RECORDS SUPPLIED =

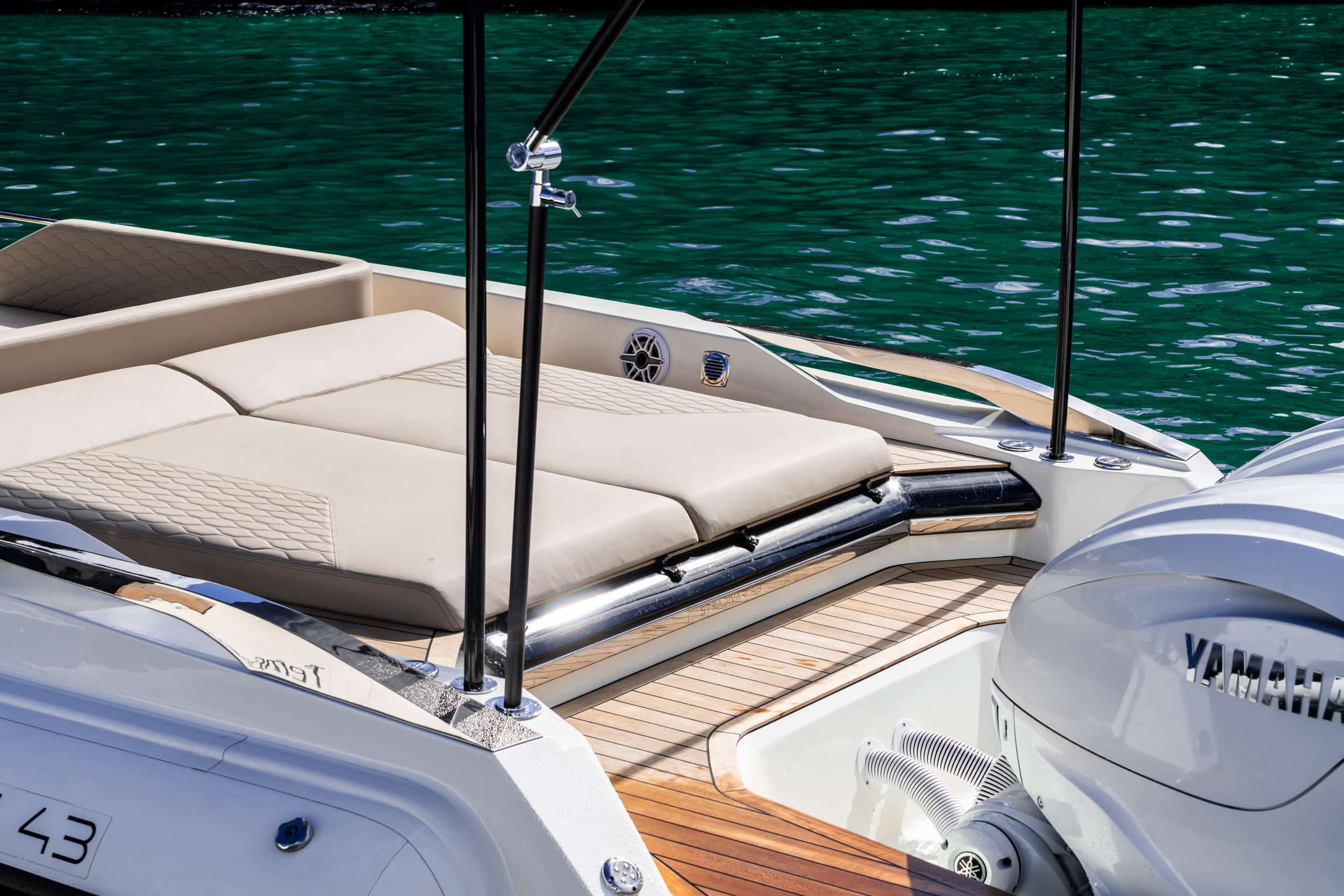 - Full teak covering (stern platform, cockpit, bow)
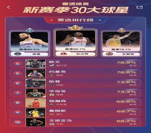 雷速体育10月14报道 雷速NBA新赛季30大球星活动正在如火如荼地进行中。
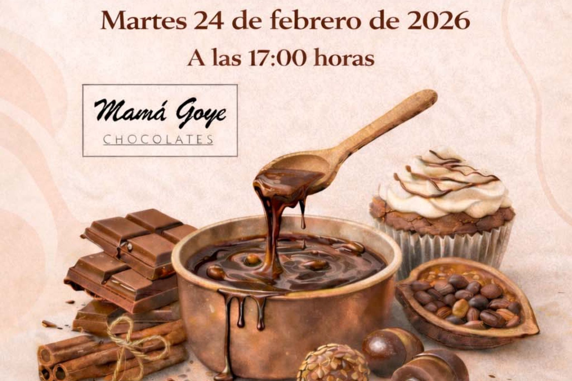 El martes 24 de febrero a las 17:00 h, actividad dirigida a socios e invitados de todas las edades organizada en colaboración con Chocolates Mamá Goye. Reserva de plazas (11€), limitadas a 40 personas, a través del ÁREA DE SOCIOS WEB.
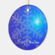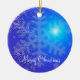 Outdoor Christmas ornaments with picture of snowflakes on blue background and customizable text.
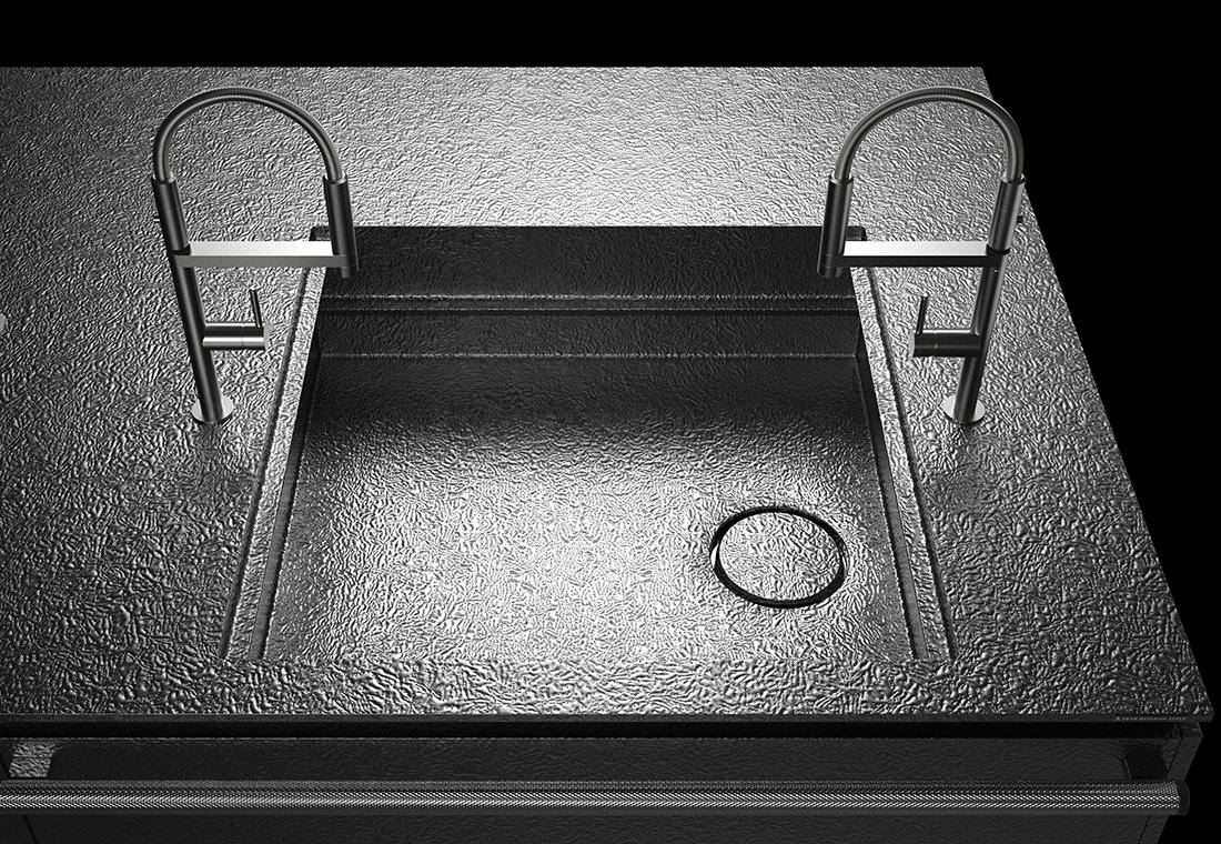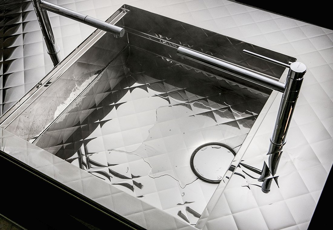 ステンレスを鏡のように研磨することで滑らかな水流を生み出し、キルティング状に溝を走らせた特殊プレスによって、水が逃げるように排水に吸い込まれるシンクです。
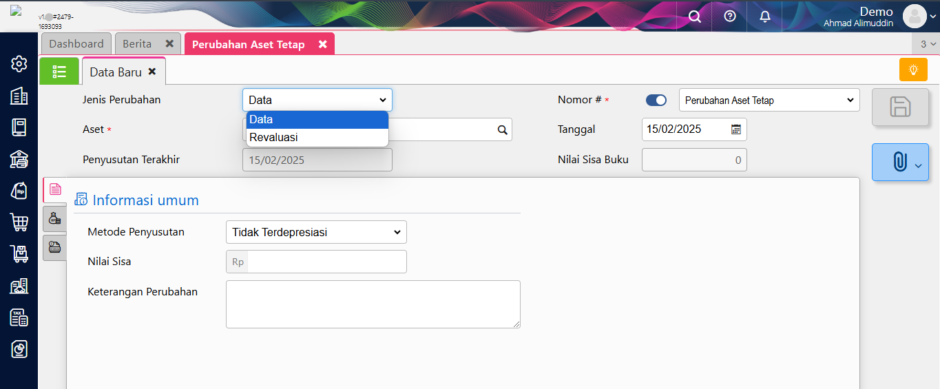 Contohnya, ada aset tetap sudah disusutkan sampai dengan saat ini dan nilai bukunya masih senilai 500.000.000, tetapi jika dilakukan taksiran atas aset tetap tsb nilainya masih 650.000.000, ,maka Anda bisa menggunakan fitur Perubahan Aset Tetap – Revaluasi untuk mengubah nilai dari 500.000.000 menjadi 650.000.000

TASK DESCRIPTION = Output all the entries exactly, minus any pictures.

RESPONSE FOR THIS EXERCISE =
 - Full teak covering (stern platform, cockpit, bow)
 雷速体育10月14报道 雷速NBA新赛季30大球星活动正在如火如荼地进行中。
 El martes 24 de febrero a las 17:00 h, actividad dirigida a socios e invitados de todas las edades organizada en colaboración con Chocolates Mamá Goye. Reserva de plazas (11€), limitadas a 40 personas, a través del ÁREA DE SOCIOS WEB.
 Outdoor Christmas ornaments with picture of snowflakes on blue background and customizable text.
 ステンレスを鏡のように研磨することで滑らかな水流を生み出し、キルティング状に溝を走らせた特殊プレスによって、水が逃げるように排水に吸い込まれるシンクです。
 Contohnya, ada aset tetap sudah disusutkan sampai dengan saat ini dan nilai bukunya masih senilai 500.000.000, tetapi jika dilakukan taksiran atas aset tetap tsb nilainya masih 650.000.000, ,maka Anda bisa menggunakan fitur Perubahan Aset Tetap – Revaluasi untuk mengubah nilai dari 500.000.000 menjadi 650.000.000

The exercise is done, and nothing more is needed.